В то время полковник благосклонно относился к моим ухаживаниям. Не подлежит сомнению, что светские сплетни и слухи многократно увеличили мое состояние, и у полковника сложилось превратное представление о моем положении в обществе. Как-то в разговоре я рассказал ему об истинном положении моих финансовых дел. Я заметил, что, слушая меня, он как-то странно переменился в лице, и с той поры его поведение резко изменилось.

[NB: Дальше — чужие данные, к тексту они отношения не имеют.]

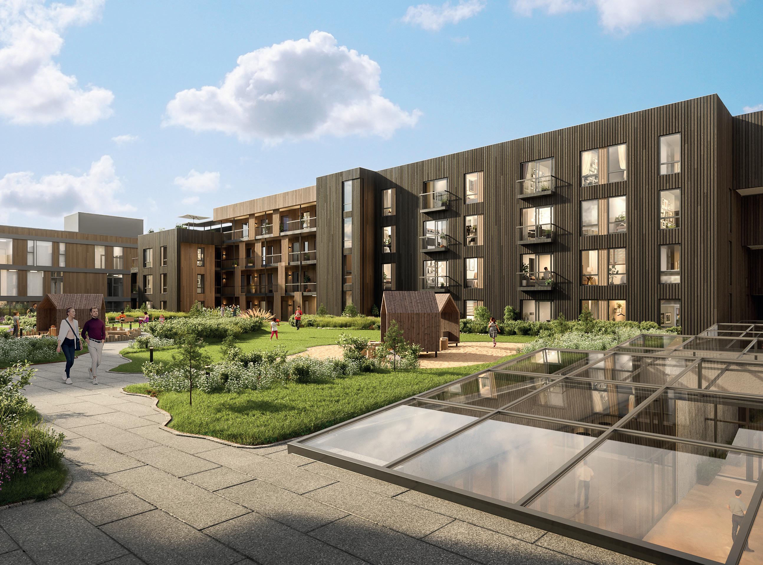 Moderne leiligheter på toppen av kjøpesenter med torg og takhage. Et handelssentrum med gode kollektivtilbud, kunst og kultur.

Так совпало, что в то же самое время молодой Шоулфилд, сын банкира, закончил Оксфорд и, познакомившись с Люси, стал оказывать ей повышенное внимание. Полковник Форестер сразу же всеми возможными способами стал поощрять его ухаживания, а я получил от него послание, в котором сухим и нарочито официальным тоном мне предлагалось во имя обоюдного блага не докучать им более своим присутствием.

Я все еще лелеял надежды, что Люси не станет участницей меркантильных интриг своего отца. Целыми днями я поджидал ее в местах, где она любила бывать, ища возможности поговорить с ней. Наконец, я встретил ее однажды утром в Сент-Джеймском парке. Она смотрела мне прямо в глаза с неописуемой нежностью и тоской, но хотела молча пройти мимо. Кровь бросилась мне в голову, и я схватил ее за руку.

— Ты оставила меня, да?! — воскликнул я. — У меня больше нет надежды.

— Тише, Джек, — урезонила меня она, поскольку мои возгласы могли привлечь внимание. — Я предупреждала тебя, что так и случится. Так хочет мой отец, и я должна подчиниться, чего бы это ни стоило. Пусти же меня и не старайся удержать.

— Так надежды нет?

— Ты скоро забудешь меня, — ответила она, — Перестань думать обо мне.

— Ага, ты такая же, как он! — в гневе вскричал я. — Это у тебя в глазах — только деньги, деньги, одни проклятые деньги!

Я тотчас же пожалел о сказанном, но тут она грустно удалилась, и я остался в полном одиночестве.

Я сел на скамейку и уронил голову на руки. Я был ошеломлен, поражен, раздавлен. За те десять минут мир для меня перевернулся вверх дном. Мимо меня проходили люди — они смеялись, шутили, сплетничали. Мне казалось, что я смотрю на них, на живых, глазами мертвеца. Я не испытывал ни интереса, ни сочувствия к их стремлениям, маленьким радостям и горестям.

— Я уйду прочь от этого людского стада, — сказал я вслух, вставая со скамейки. — Женщины лживы, мужчины глупы, а все вокруг — сплошная корысть, подлость, гнусность и низость.

Несчастная любовь, к сожалению, превратила меня в циника, глупого и безрассудного. Впрочем, так случалось со многими до меня и со многими после.

Многие месяцы я путешествовал, изо всех сил стараясь новыми впечатлениями и ощущениями навсегда вытравить из памяти красивый, но лживый образ. В Венеции я услышал, что она помолвлена с молодым Шоулфилдом.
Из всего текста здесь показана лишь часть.